Open lacasseio opened 2 years ago
An additional problem not mentioned is tests requiring multiple tools especially if they need a wide range. The solution would be to model all tools together as part of a pseudo-installation. As the permutation goes up, it's always going to get messy. We just need to manage the messiness by avoiding narrow-minded solutions.
It seems there is a clear distinction between tools/versions under test and the testing strategies. We should model both separately so we can reuse the tools/versions under test to assert coverage at the end of the CI pipeline. Also, tools/versions may map to overlapping testing strategies for different contexts/scenarios. One such example is the coverage context where for development we will want something easy like partial
(or latest available versions) or all
(or all available versions) or default
(or first available versions). For CI, we may want to have xcode12.4
(all test that needs exactly Xcode 12.4) or allXcode
(all test that needs any Xcode versions) or something similar.

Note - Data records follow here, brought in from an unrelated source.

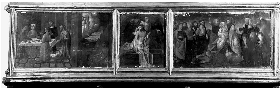
Fig. 2. Nicolau Falcó, predela del Retablo de la vida de San Lázaro, 1520, Catedral de Valencia. El cuerpo principal fue quemado en 1936.

mentación existente sobre el Retablo de la Puridad (Museo de Bellas Artes de Valencia), 15 condujo a Ximo Company a apuntar la posibilidad de identificar y unificar estos tres maestros, el de San Lázaro, el de Martínez Vallejo y el de la Puridad, en la figura del pintor Nicolau Falcó, pues observaba una evidente relación técnica y formal entre ellos. 16 Remarcaba de paso que el estilo de Nicolau Falcó estaba incuestionablemente relacionado con Paolo da San Leocadio, con quien debió formarse. 17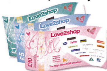
Talebau siopau'r stryd fawr Love2Shop

Os bydd eich plentyn yn cymryd rhan mewn unrhyw gam yn astudiaeth Well mi, byddwn yn diolch iddo ef/hi trwy roi taleb gwerth £15. Bydd eich plentyn yn gallu dewis bob tro rhwng naill ai talebau siopau'r stryd fawr, neu daleb iTunes©.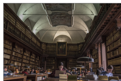
3. Biblioteca Nazionale Braidense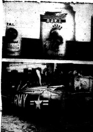
HÌNH 1: Một chiếc xe tăng của VC đang tiến về phía Bắc Đà Nẵng.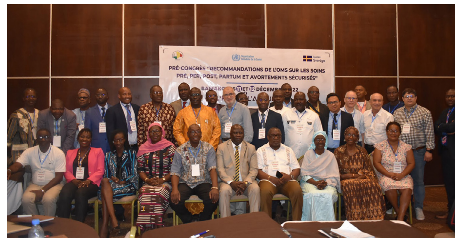
Membres de la communauté de pratique SAGO-FIGO, décembre 2022, Mali

Les priorités actuelles comprennent la création et le renforcement de stratégies de plaidoyer adaptées au contexte de chaque pays, que les membres de la communauté de pratique peuvent mettre en œuvre pour renforcer le plaidoyer pour l'avortement sécurisé dans la région, ainsi que le développement de nouvelles opportunités d'apprentissage direct entre pairs et de mentorat au sein de la région.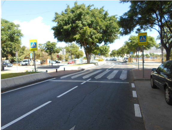
Av. Janes Bowles: Repintado completo de la calle

We did a bit more thinking here. The initial write-up is fantastic! Good job past Daniel! The point that should be cleared up is the distinction between the requirements vs coverage. The requirements will decide if the test can execute in the current environment. Ex: a test requires a C-compatible toolchain or requires any major OS. The coverage dictates what variants are "good enough" for executing this test. Ex: a major toolchain (any of GCC, Clang or MSVC) or every latest GA major toolchain (GCC 12.2, Clang 15.0.1, MSVC 2022).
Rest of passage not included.